Mason was ordained to the priesthood on 25 July 1998. His first pastoral appointment was from 1998 to 2001 in Purley, London. After this he was Senior Chaplain to Guy's and St Thomas' NHS Foundation Trust from 2001 to 2012. Mason then took up the role of Pastoral Director at Allen Hall Seminary as well as Diocesan Director of Ongoing Formation of Priests.
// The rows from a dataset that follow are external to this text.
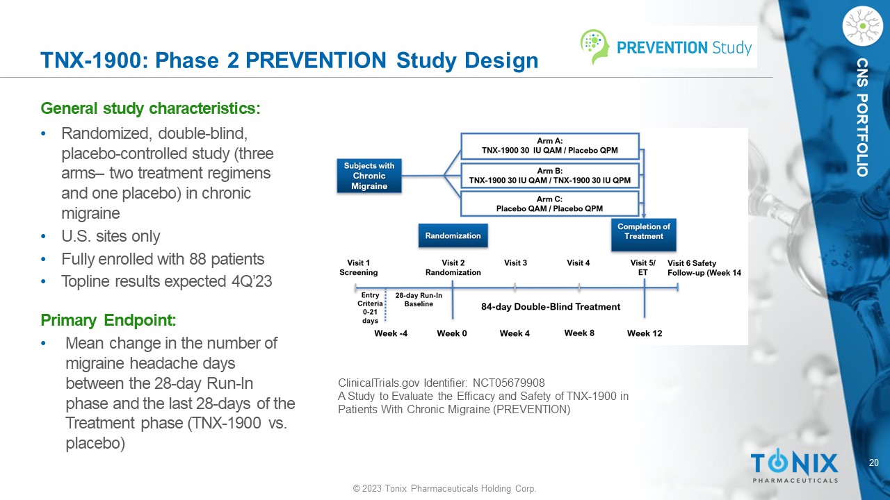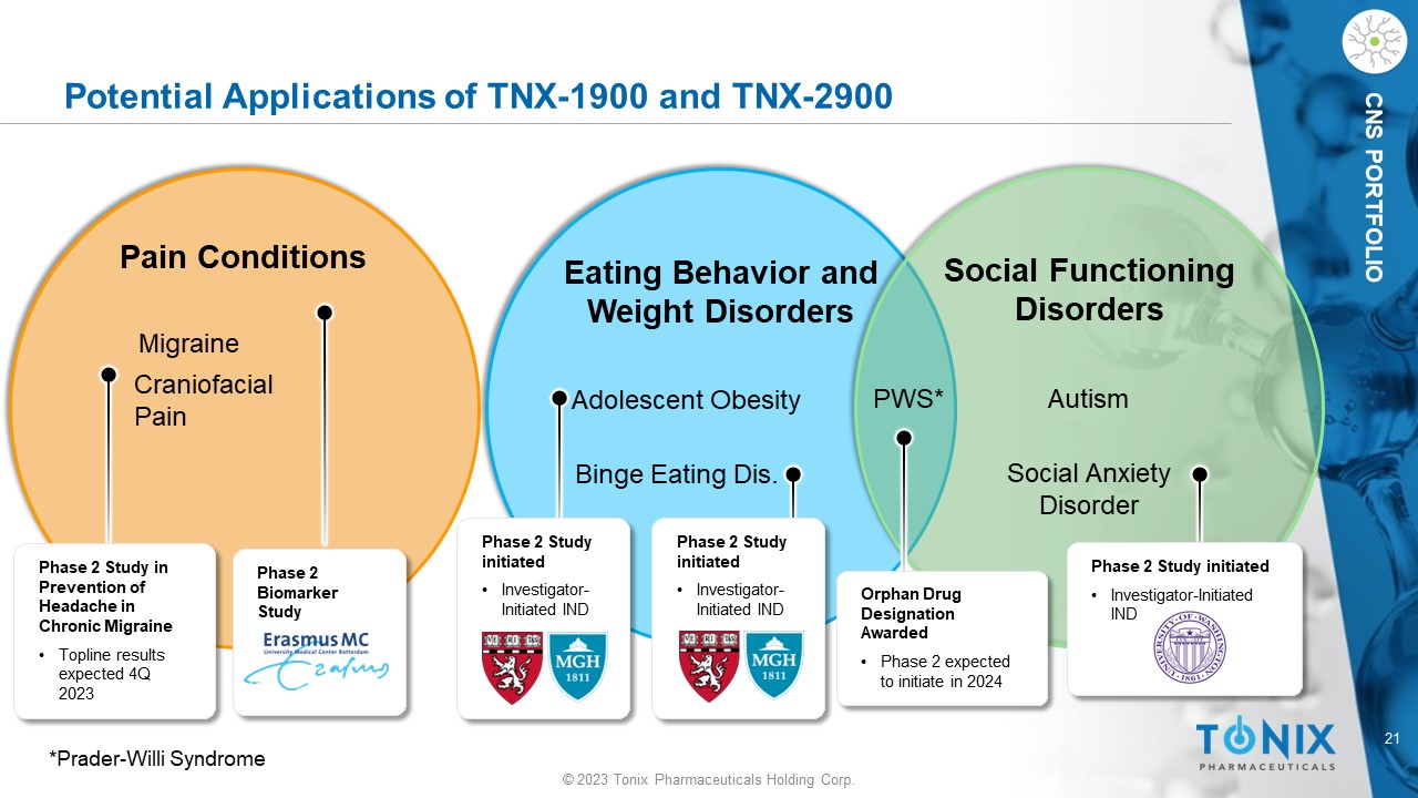 20 © 2023 Tonix Pharmaceuticals Holding Corp. CNS PORTFOLIO TNX - 1900: Phase 2 PREVENTION Study Design General s tudy c haracteristics: • Randomized, double - blind, placebo - controlle d study (three arms – two treatment regimens and one placebo) in chronic migraine • U.S. sites only • Fully enrolled with 88 patients • Topline results expected 4Q’23 Primary Endpoint: • M ean change in the number of migraine headache days between the 28 - day Run - In phase and the last 28 - days of the Treatment phase (TNX - 1900 vs. placebo) ClinicalTrials.gov Identifier: NCT05679908 A Study to Evaluate the Efficacy and Safety of TNX - 1900 in Patients With Chronic Migraine (PREVENTION) N = 50 N = 50 N = 50
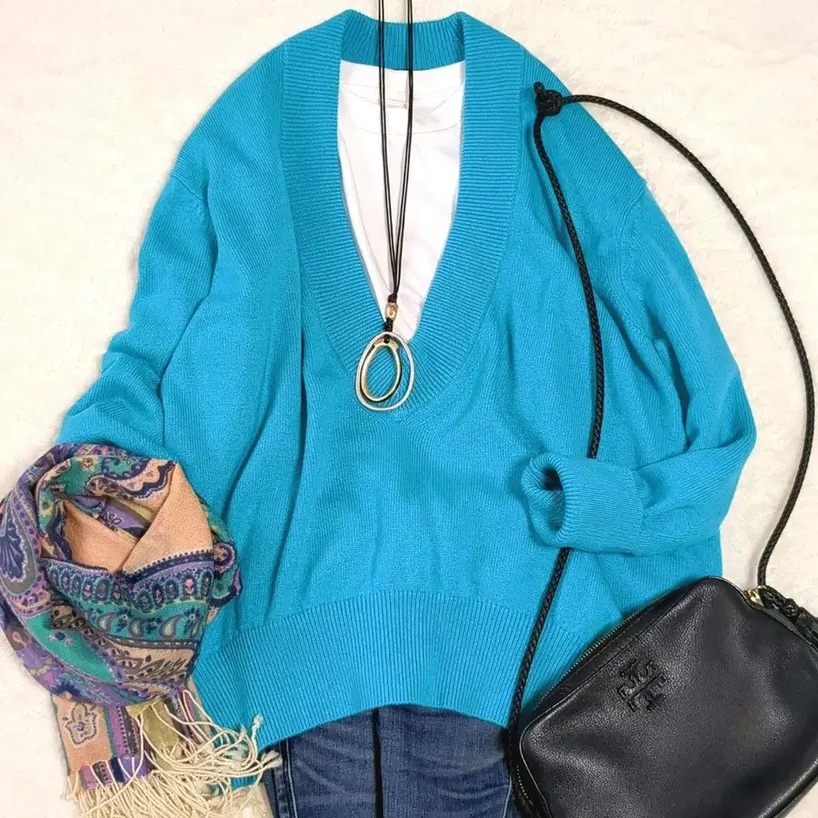 새상품급 드로어 캐시미어 100% V넥 니트 천축 편직 터콰이즈 블루
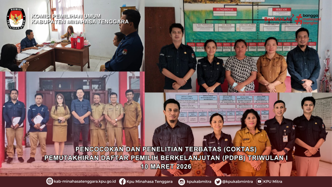Minahasa Tenggara, Selasa 10 Maret 2026 — Komisi Pemilihan Umum (KPU) Kabupaten Minahasa Tenggara melaksanakan kegiatan Pencocokan dan Penelitian Terbatas (Coktas) terhadap Daftar Pemilih Berkelanjutan (PDPB) Triwulan I Tahun 2026 di empat kecamatan, yaitu Kecamatan Pusomaen, Ratahan Timur, Silian Raya, dan Touluaan.
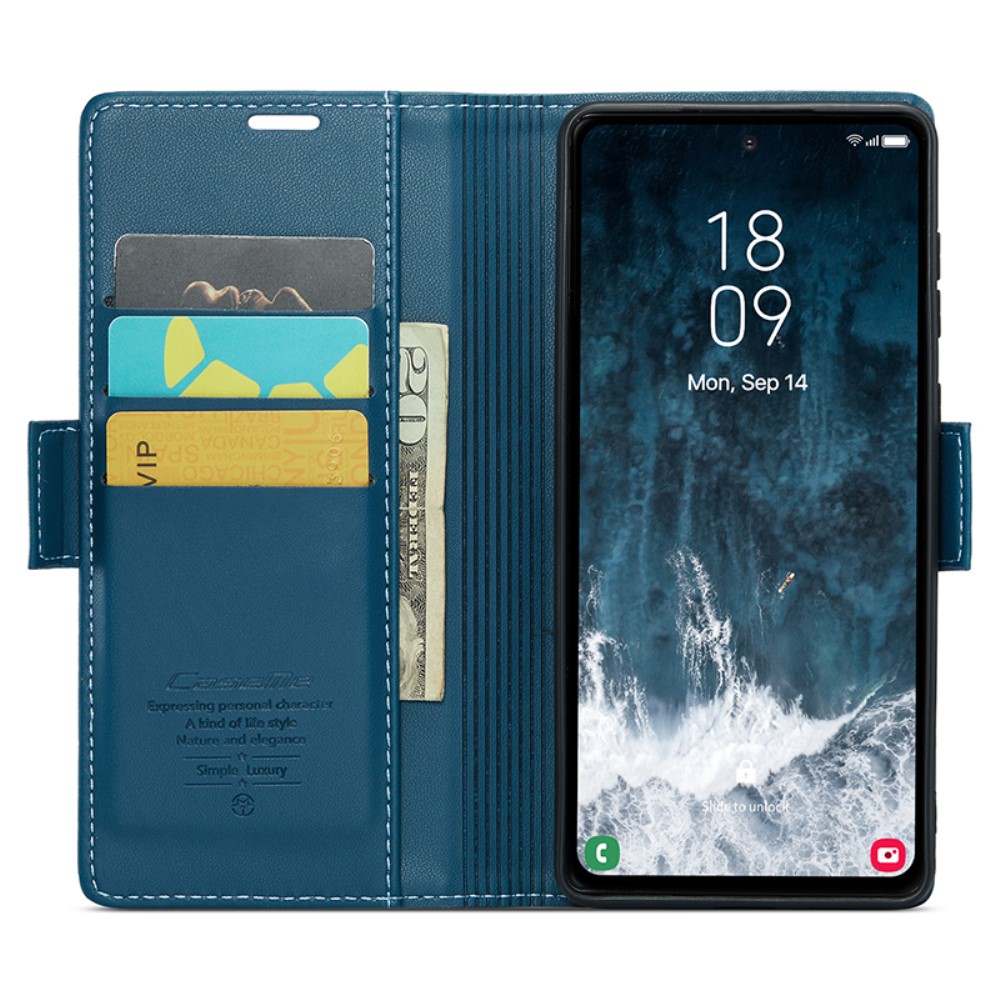 Θήκη Samsung Galaxy S23 FE 5G CaseMe 023 Series Πορτοφόλι με βάση στήριξης, υποδοχές καρτών και μαγνητικό κούμπωμα από συνθετικό δέρμα και TPU μπλε

In 2014 he was appointed as Episcopal Vicar for parishes in Kent and the Medway area.

===Episcopal ministry===
On 23 April 2016, Mason was appointed an Auxiliary Bishop in the Diocese of Southwark by Pope Francis with the title of Titular Bishop of Skálholt, and ordained bishop at St George's Cathedral, Southwark, by Archbishop Peter Smith, on 31 May 2016. He continued overseeing the parishes in Kent and the Medway area.

On 9 July 2018, Mason was appointed Ordinary of the Bishopric of the Forces by Pope Francis, and took canonical possession of his see during the installation Mass in his cathedral on 12 September 2018.

==Return of the Lady of Luján statue==
On 30 October 2019, Paul Mason was involved with the return of the Our Lady of Luján statue which was captured during the Falklands War back to Argentina. In exchange for the return of the statue, Bishop Santiago Olivera of the Argentine Forces gave Mason an exact replica for Britain to keep. Both statues also received the blessing of Pope Francis, who oversaw the exchange as it took place in the Vatican. Pope Francis, who was Argentine, also agreed to commemorate the service personnel of both the UK and Argentina who died during the conflict. Olivera also described the gesture with Mason as "a sign of fraternity." Mason has also made plans to visit Argentina and the Basilica of Luján in February 2020.